Lakeside Selected for School Safety Pilot Program: School to Receive Four Entrance Metal Detectors

DeKalb County School District selected Lakeside High School and its projected 2,100 students to join four other schools in a pilot program to place 20 walkthrough metal detectors throughout the district.

In a survey of 107 students over half thought security was something to address at Lakeside, but there were many questions raised about the practicality and logistics of metal detectors at LHS. One recurring question was where the metal detectors would go at Lakeside.

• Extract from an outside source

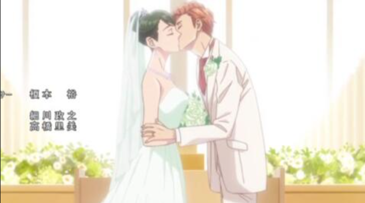 台上才人和露易丝倾诉爱意,然后两个人就相互献上结婚契约之吻。接着两个人就走到教堂外面,登上马车,露易丝手上还捧着玫瑰花束。马车带着俩人回到住所,婚礼结束。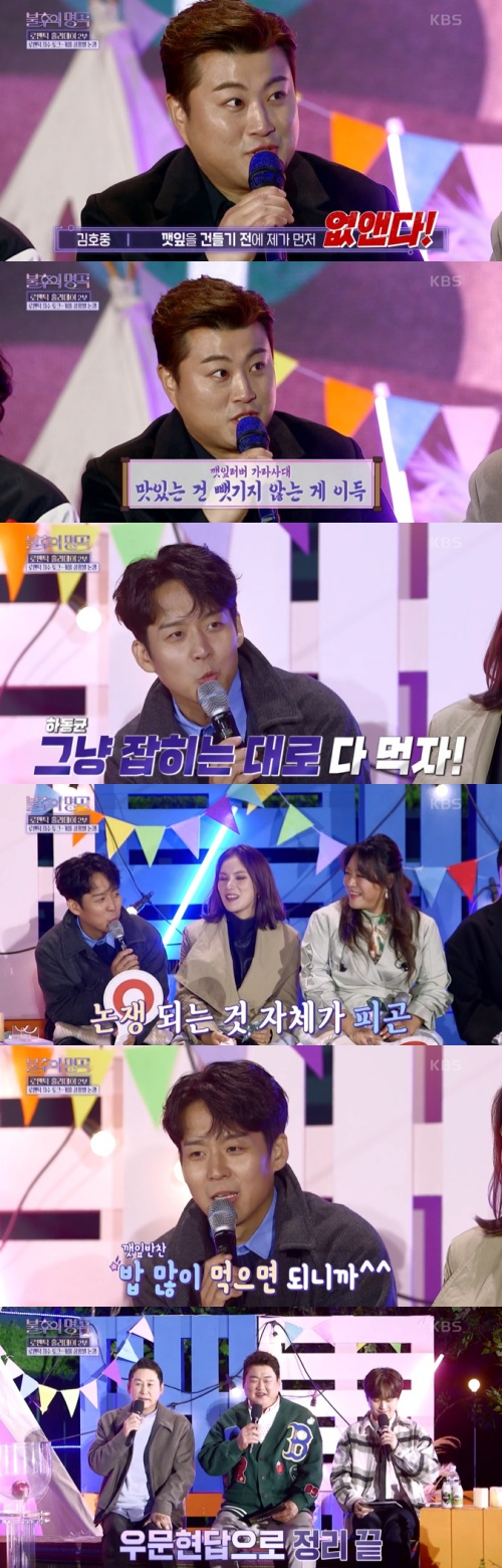 이어 신동엽은 "김호중 씨는 괜찮아요?"라고 물었고, 김호중은 "저는 그분이 깻잎을 건들기 전에 제가 먼저 없앨 것 같다"고 답해 웃음을 자아냈다. 하동균 또한 "저는 굳이 깻잎을 하나씩 안 먹었으면 좋겠다. 그냥 잡혔으면 다 드셨으면 좋겠다. 너무 보기가 불편하다. 밥 많이 먹으면 되니까"라고 답해 좌중을 폭소케 했다. 이에 신동엽은 "일리가 있다"라고 끄덕였다.

There are over 20 entrances at Lakeside and some students felt that the placement of the detectors would not change security situation at Lakeside, but possibly make it worse. “If this program does actually make it to the fall, I think people in the trailers are going to have a harder time because if they have to go the through the detector every time they go inside, they could be late just for trying to get to class,” said junior Marissa Bryce.

According to the National Criminal Justice Reference Service (NCJRS), if a student prepares to go through the detector and their items don’t trigger it, the average processing time is less than ten seconds. On the other hand, if a student does not prepare to walk through, the processing time can range

from three to five minutes.

This does not delay of waiting to be scanned or the possibility of a student’s items triggering the metal detectors. When freshman Jamie Scott saw this data he said, “I don’t believe Lakeside’s safety will improve from these metal detectors. This just feels like a quick response to safer schools instead of planning out a more elaborate response to a big issue.”

The district decided to implement these changes at the beginning of the second semester when an individual brought a gun to Martin Luther King Jr. High School in January. According to an interview with WSB-TV, Deputy School Superintendent Vasanne Tinsley said the district realized change was necessary after the nation had at least 15 school-related gun incidents since the start of 2018. The schools received upgraded security systems and cameras. They enhanced web filters for DCSD technology to alert district officials if a Google searches involves words that pose a threat to the school environment. Some trigger words for the filter include bombs, suicide, murder, guns, and kill. Future school buildings may include roll-down doors that will help to increase security if a non-authorized individual enters the school premises.


It’s Time for a Check: DeKalb Schools Police has hired two K-9 units to improve school safety. They have performed three random searches in DeKalb this year, including one at Lakeside in January.

Photo courtesy of: WSB-TV


The district will start the program in the fall by placing 4 metal detectors at one high school site per region. Cross Keys High School (Region 1), Stone Mountain High School (Region 3), Martin Luther King Jr. High School (Region 4) and Towers High School (Region 5) will also participate in the program. The program will cost the school district $150,000 and the schools for each region were chosen by instances of weapons, drugs, fights, and gang activity.